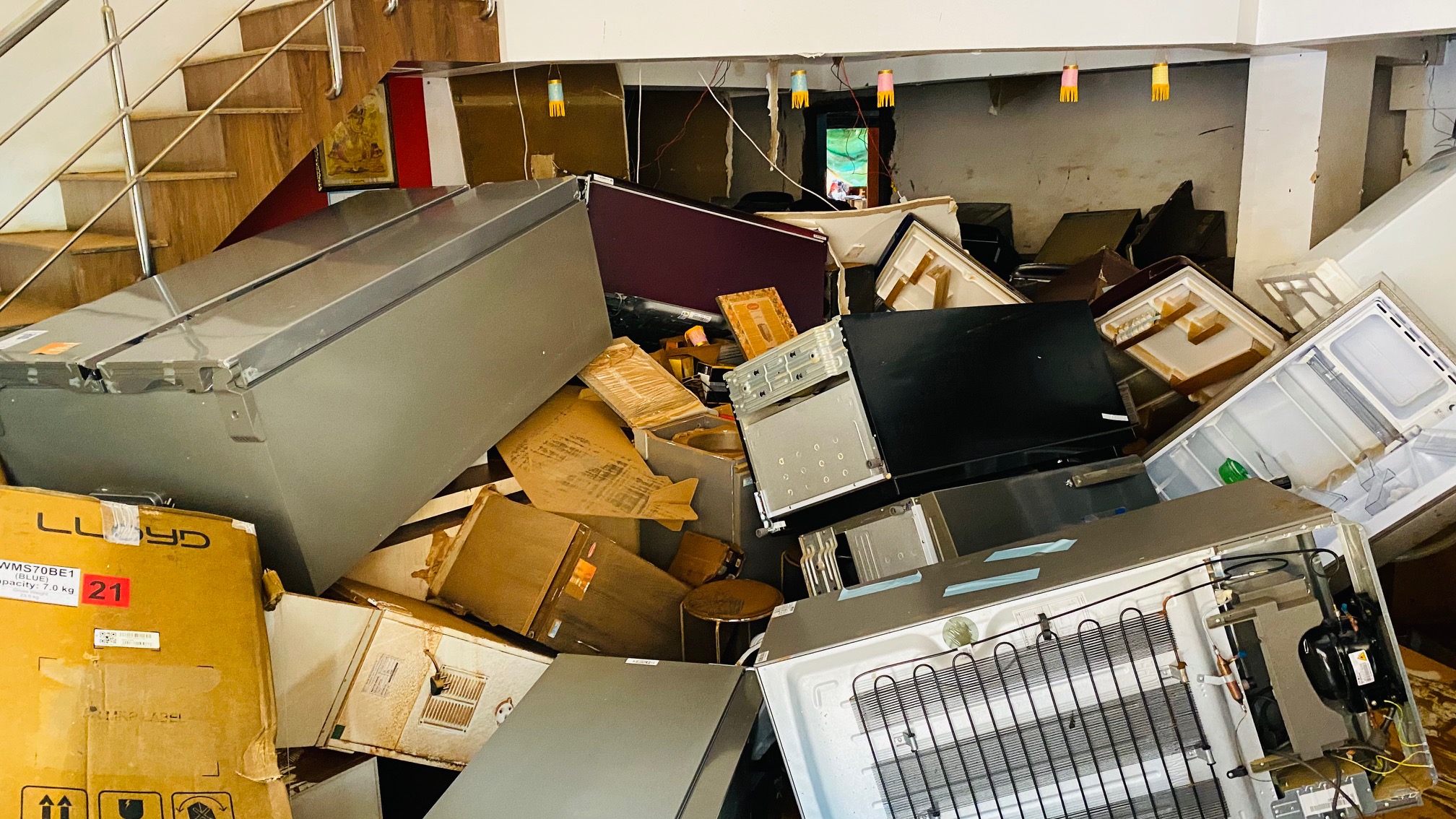 “I lost six warehouses and one big showroom full of electronic goods. We tried walking in the floodwater to try and save some [sections] of our shop, but it was not possible at all,” he said.
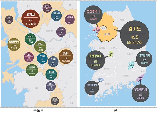 구체적으로 고양시 7곳(2만 1000가구), 성남시 4곳(1만 3000가구), 광명시 4곳(7000가구), 부천시 5곳(3000가구), 인천 부평구 9곳(3000가구) 등이다.
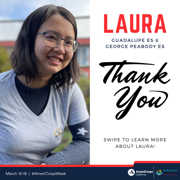"Laura is thoughtful about how to best support students and wants to make Lunch Bunch fun for all students! Her contributions to Guadalupe Elementary, George Peabody Elementary, and her AmeriCorps cohort's team days are appreciated by all who have had the chance to work with her."

● **Work request**: Exactly as they stand, set down the lines from the start of the material through the line with "구체적으로 고양시 7곳(2만", both ends included, omitting the pictures.

● **Answer section**:
 “I lost six warehouses and one big showroom full of electronic goods. We tried walking in the floodwater to try and save some [sections] of our shop, but it was not possible at all,” he said.
 구체적으로 고양시 7곳(2만 1000가구), 성남시 4곳(1만 3000가구), 광명시 4곳(7000가구), 부천시 5곳(3000가구), 인천 부평구 9곳(3000가구) 등이다.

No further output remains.